I recently caught my husband in at the very least an emotional affair... 
He then asked for a divorce. 
Things have gone from civil to just pure evil on his end.

Before we went NO CONTACT, he decided to tell me the reason he does not want to be with me is because I am not as sarcastic as he is, and because I am shyer then he is. I am not lacking in any of these traits, but I am not to the "center of attention look at me look at me " that he is. 

Just needed to vent. He has said a TON of hurtful things, this one just boggled my mind as a reason for divorce . LOL


----------



## Pip’sJourney (Mar 17, 2021)

Ldziesinski said:


> I recently caught my husband in at the very least an emotional affair...
> He then asked for a divorce.
> Things have gone from civil to just pure evil on his end.
> 
> ...


 I do not think you should believe anything he told-tells you. He majorly gas lights you and I feel he is just lashing out to make it seem like it is your fault. It was his choice to have an EA or more.. thus it was his fault.
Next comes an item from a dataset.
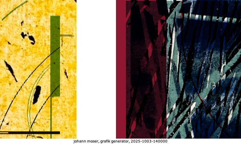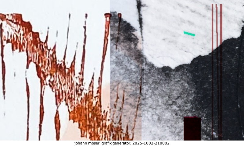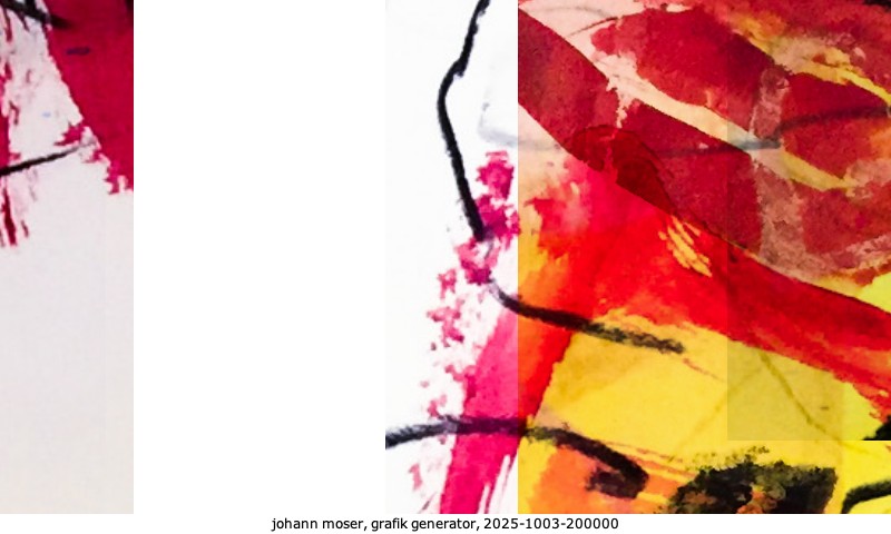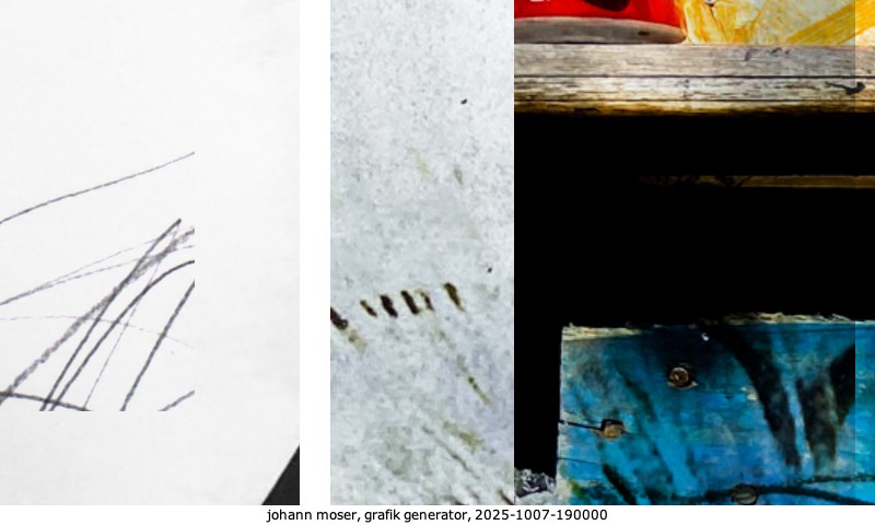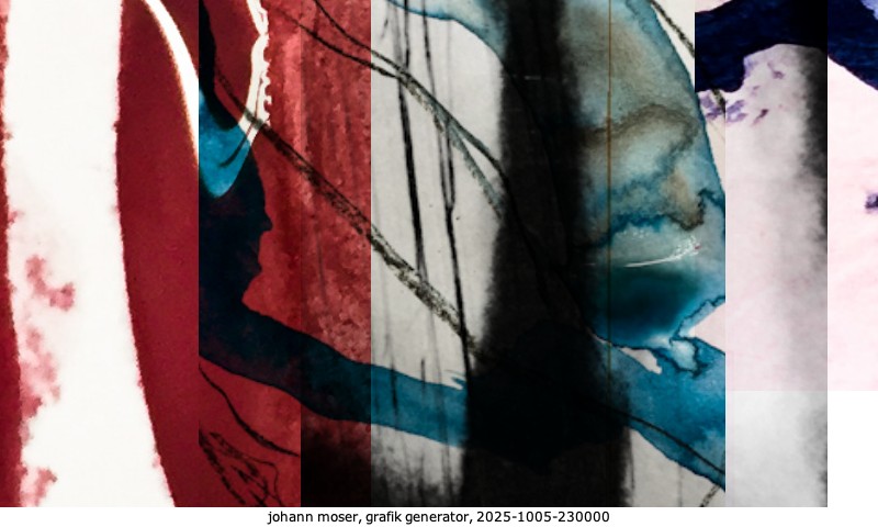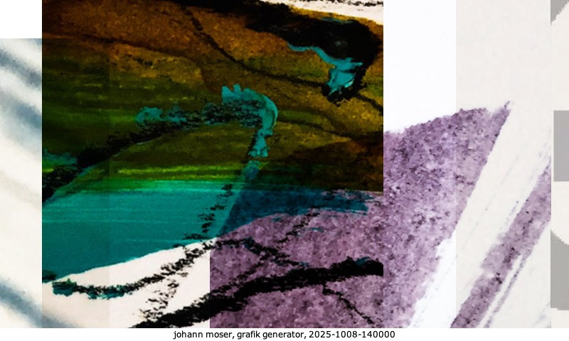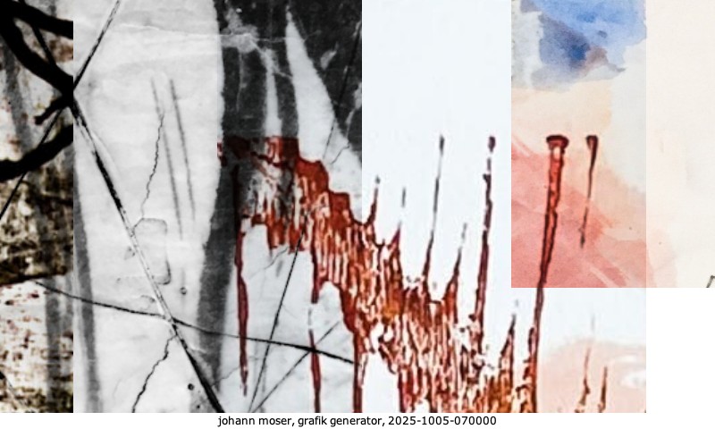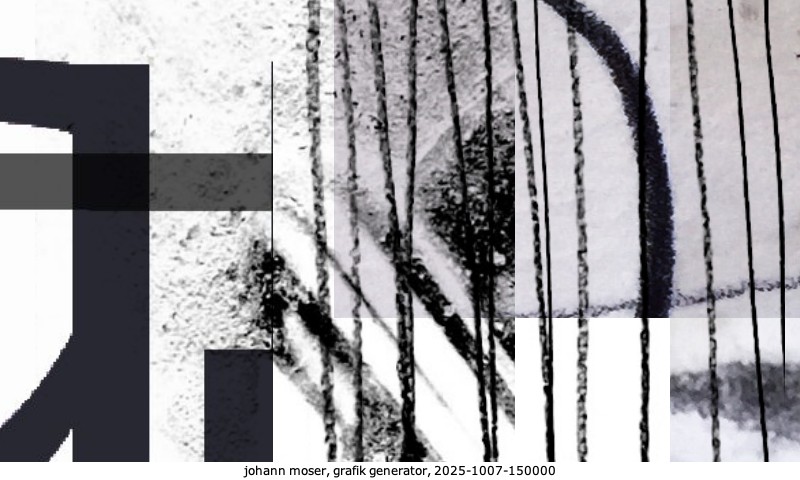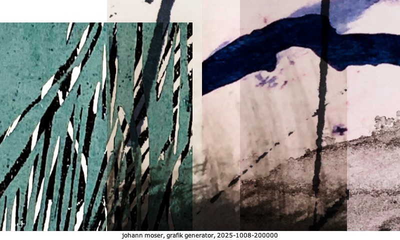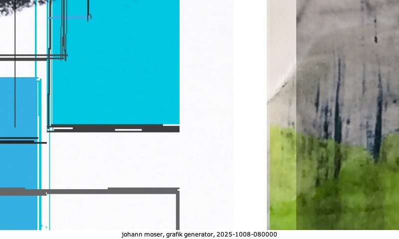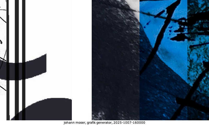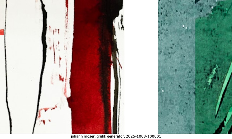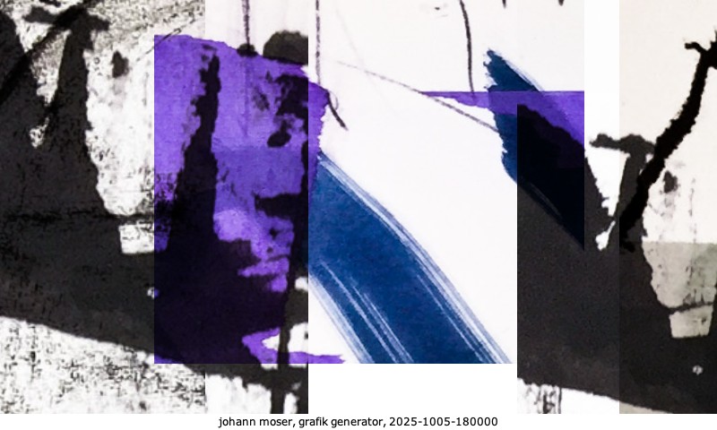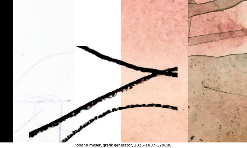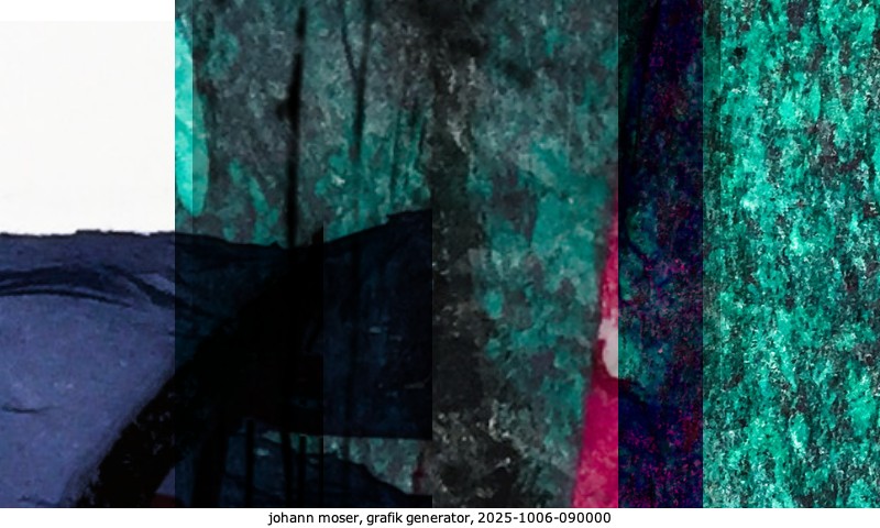 Das Projekt grafik generator habe ich in mehreren Beiträgen auf kunst.standpunkte.at beschrieben. Die Grafiken werden aus einer Sammlung von derzeit meiner Bilder, Zeichnungen und Grafiken generiert. Diese Basis werde ich laufend erweitern. Damit ändert sich ganz langsam die Ästhetik der vom grafik generator generierten Bilder. Die Signatur gehört zum Bild und weist es als Teil eines umfassenderen Projekts aus. Bitte lasse die Signatur daher auf dem Bild.

SMH


----------



## LATERILUS79 (Apr 1, 2021)

Sounds like he knows he’s a piece of garbage but his brain can’t cope with that so it’s making up reasons why he isn’t garbage - but failing miserably.


----------



## A18S37K14H18 (Dec 14, 2021)

Ldziesinski said:


> I recently caught my husband in at the very least an emotional affair...
> He then asked for a divorce.
> Things have gone from civil to just pure evil on his end.
> 
> ...


I'm sorry you're going through this.

I could very well be wrong, but that isn't the reason for the divorce, it's just the excuse he's feeding you.

I mean, he knew you were shy and not sarcastic while dating you and before he married you and yet he married you.

It's something else, whether he'll ever admit or not is the question.


----------



## DownByTheRiver (Jul 2, 2020)

Ldziesinski said:


> I recently caught my husband in at the very least an emotional affair...
> He then asked for a divorce.
> Things have gone from civil to just pure evil on his end.
> 
> ...


Is he one of those guys who says hurtful things and then says he's only joking and gaslights and makes fun of you for taking it seriously as if you're too stupid to catch on that he's funny? Because if so you'll be well rid of him


----------



## Ldziesinski (Nov 18, 2021)

A18S37K14H18 said:


> I'm sorry you're going through this.
> 
> I could very well be wrong, but that isn't the reason for the divorce, it's just the excuse he's feeding you.
> 
> ...


Right! We were together 7 years before getting married lol! He knew who I was ! I think a lot of it is the EA! That’s the only reason we ever fought over the past 6-7 months is if I asked about her


----------



## Hugo41 (Dec 15, 2021)

I've been called "too sarcastic" many times, last one was 3 days ago. I've never thought though the lack of sarcasm is a mortal sin punishable by divorce. Of course I'm being sarcastic here.

Best and take care.


----------



## jonty30 (Oct 23, 2021)

Ldziesinski said:


> I recently caught my husband in at the very least an emotional affair...
> He then asked for a divorce.
> Things have gone from civil to just pure evil on his end.
> 
> ...


It sounds like he's making up reasons.
He just needs you to be the bad guy to justify his actions.


----------



## Blondilocks (Jul 4, 2013)

Next, it will be because you didn't load the dishwasher correctly or you didn't vacuum leaving diagonal lines like the pros do. It's all nonsense. Paste a smile on your face, shake your head no and chuckle. Eventually he may tire of sounding like a moron.


----------



## joannacroc (Dec 17, 2014)

My ex-husband once told me, on a rare occasion when he actually admitted he did something wrong, that he cheated because I didn't unpack 4 boxes when we moved. Cheaters are ridiculous. I think it's cognitive dissonance on their part - they think they are the good guy, and their brain needs to rewrite the past in order to make that happen so he's grasping at straws. I think it's always good to examine where you made mistakes in your marriage but the cheating, that is 100% him.


----------



## oldshirt (Apr 1, 2017)

Blondilocks said:


> Next, it will be because you didn't load the dishwasher correctly or you didn't vacuum leaving diagonal lines like the pros do. It's all nonsense. Paste a smile on your face, shake your head no and chuckle. Eventually he may tire of sounding like a moron.


This ^^^^^^

He’s just making up his own bull crap to justify his crappy character and behavior. Next he’ll say your left pinky toe is crooked. 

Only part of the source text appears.